A number of models have recently been proposed in order to explain how tumor cell populations evolve to acquire molecular alterations in metastasis virulence genes. (A) The normal differentiation programs of the cells-of-origin from which certain primary tumors are derived may already dictate the altered activity of various metastasis virulence genes (depicted in gray). Upon subsequent oncogenic transformation and systemic dissemination, these cells may therefore be capable of completing the process of metastatic colonization. (B) Cells that are only partially metastasis-competent (i.e., tumor cells that have acquired a series of mutations that confer the capacity to disseminate systemically, but are initially unable to colonize foreign microenvironments) may arrive at distant organs, where they then undergo further genetic and/or epigenetic evolution within these foreign microenvironments in order to achieve full metastatic competence. Such molecular evolution would likely include alterations in metastasis virulence genes. (C) Purely by chance, mutations in metastasis virulence genes may accumulate stochastically as “passenger mutations” within tumor cell clones that bear unrelated “driver mutations” that serve to fuel the clonal expansion of these cells within primary tumors. (D) The phenomenon of tumor self-seeding indicates that already-metastasized cells are capable of re-infiltrating the primary tumor from which they originated. Hence, carcinoma cells present in metastases (which have come to acquire molecular alterations in metastasis virulence genes via either of the models proposed above – as indicated by the asterisk) may become increasingly represented within their primary-tumor-of-origin (re-infiltrating cells are depicted in blue). (E) The parallel progression model asserts that quasi-normal epithelial cells (depicted in orange) disseminate very early from pre-neoplastic lesions. Subsequently, these cells undergo molecular evolution at future sites of metastasis formation. Notably, such sites represent locations where mutations in metastasis virulence genes are now selectively advantageous.

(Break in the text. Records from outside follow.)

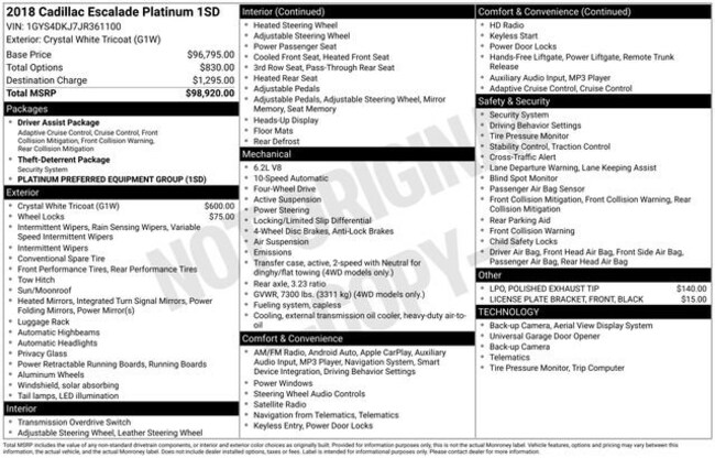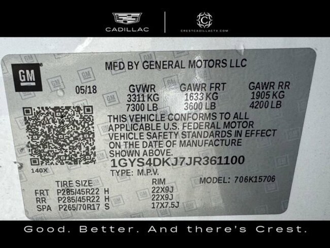 - VIN : 1GYS4DKJ7JR361100
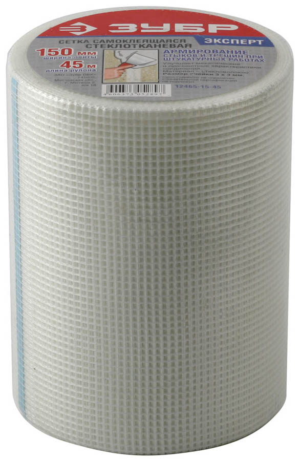 ЗУБР 15 см х 45 м, 3х3 мм, сетка самоклеящаяся стеклотканевая 12465-15-45
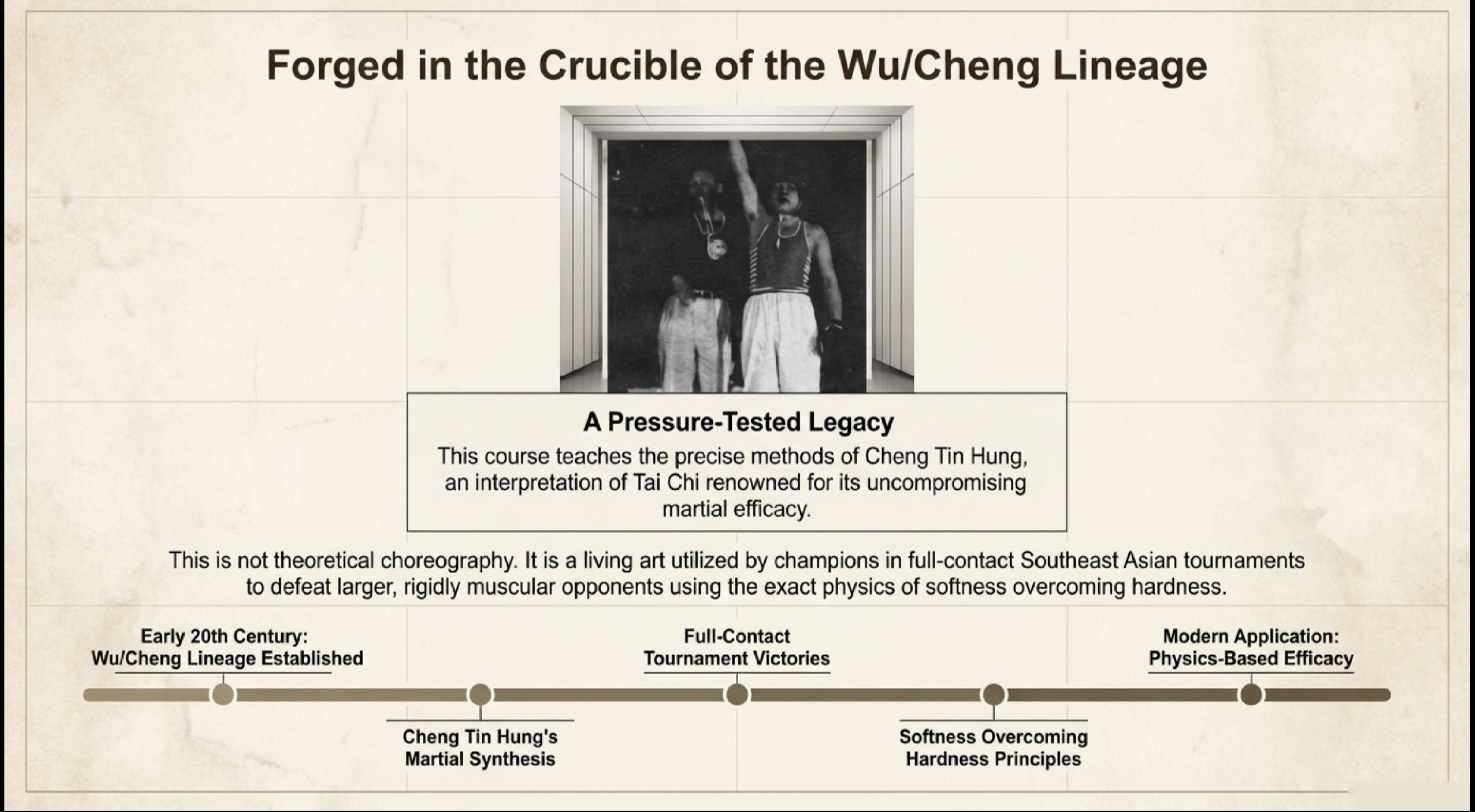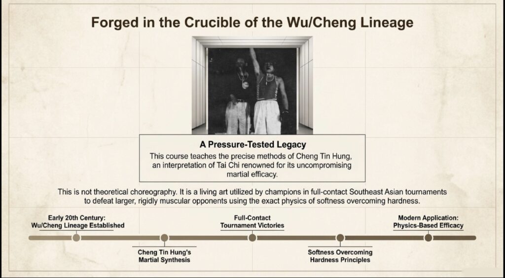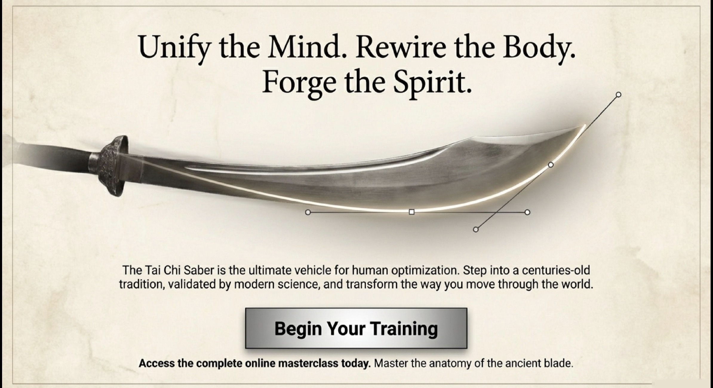 Unlike empty-hand forms, the Sabre’s off-center mass and the resulting centrifugal force during motion create a unique load that “pre-tensions” the fascial bodysuit. This course synthesizes the ancient wisdom of lineage-holders with the analytical precision of sports science to transform your physical structure.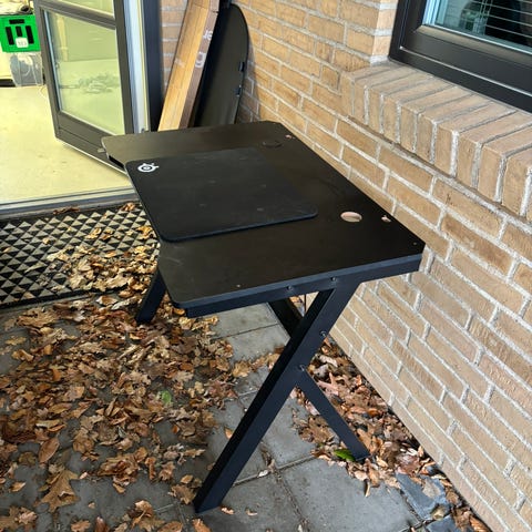 Arozzi gamingbord med integreret musemåtte. Bordet har en stor overflade med sort og rød farve, designet til gamingbrug. Musemåtten er fastgjort til bordpladen, hvilket giver en jævn og stabil spiloplevelse. Bordets stel er sort og robust.
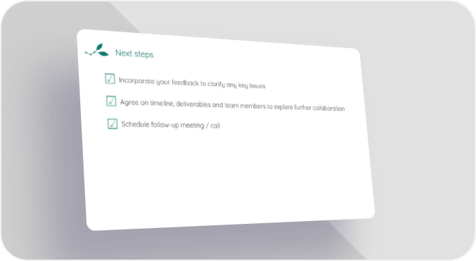 Next steps Incorporate your feedback to clarify any key issues Agree on timeline, deliverables and team members to explore further collaboration Schedule follow-up meeting / call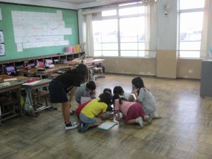 音楽室では,リズムつなぎをして,グループでどれだけつないでいけるかを楽しみました。5年生の教室では,間違い探しを頭をくっつけてみんなで探していました。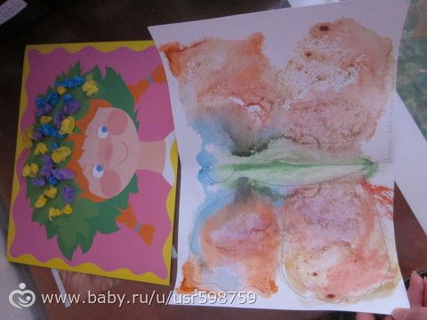 2. Монотипия. Сделали-таки бабочку! (понятно там, что это бабочка?) Сложность была в том, что краска высохла пока мы дорисовали и не хотела уже отпечатываться. Мы водой смочили и получилось. Не так красиво как на образцах, но всё же. Потом дочка меня отогнала и нарисовала еще парочку картин, даже в трубочку их сворачивала потом))
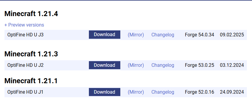 Minecraft 1.21.4 + Preview versions OptiFine HD U J4 pre2 Download (Mirror) Changelog Forge 54.1.0 20.02.2025 OptiFine HD U J4 pre1 Download (Mirror) Changelog Forge 54.1.0 18.02.2025 OptiFine HD U J3 Download (Mirror) Changelog Forge 54.0.34 09.02.2025 Sh

Carcinoma cells are depicted in red.

Because metastases are culpable for >90% of cancer-associated mortality, truly efficacious anti-metastatic therapies are desperately needed. (A) Various rationally designed anti-metastatic compounds trigger measurable responses in pre-clinical preventative settings where treatment is initiated prior to the formation of primary tumors or metastases. (B) Unfortunately, however, many agents that display efficacy in preventative pre-clinical models fail to impair metastasis in pre-clinical intervention settings where treatment is initiated only after the formation of small micrometastases (depicted in blue). Because carcinoma patients frequently already harbor significant numbers of disseminated tumor cells at the time of initial disease presentation, the ultimate translational utility of compounds that are unable to alter the behavior of already-formed metastases is likely be quite limited. In contrast, dasatinib, medroxyprogesterone acetate (MPA), miR-31 mimetics, bisphosphonates, denosumab, SD-208, and LY2157299 inhibit the metastatic outgrowth of already-disseminated tumor cells in intervention assays (depicted in gray). (C) In the end, agents that are capable of eliciting the regression of already-established macroscopic metastases may possess the greatest clinical utility. Compounds displaying such efficacy in pre-clinical intervention settings are quite rare, though several examples have been reported – namely, miR-31 mimetics, bisphosphonates, denosumab, SD-208, and LY2157299. In contrast, many other compounds are incapable of altering the behavior of already-established macroscopic metastases (indicated in blue) – including agents that display efficacy against small micrometastases prior to their overt metastatic colonization. Carcinoma cells are depicted in red. Therapeutic agents whose mechanism of action is believed to principally involve the targeting of non-neoplastic stromal cells are presented within the orange boxes. MMP: matrix metalloproteinase; MPA: medroxyprogesterone acetate.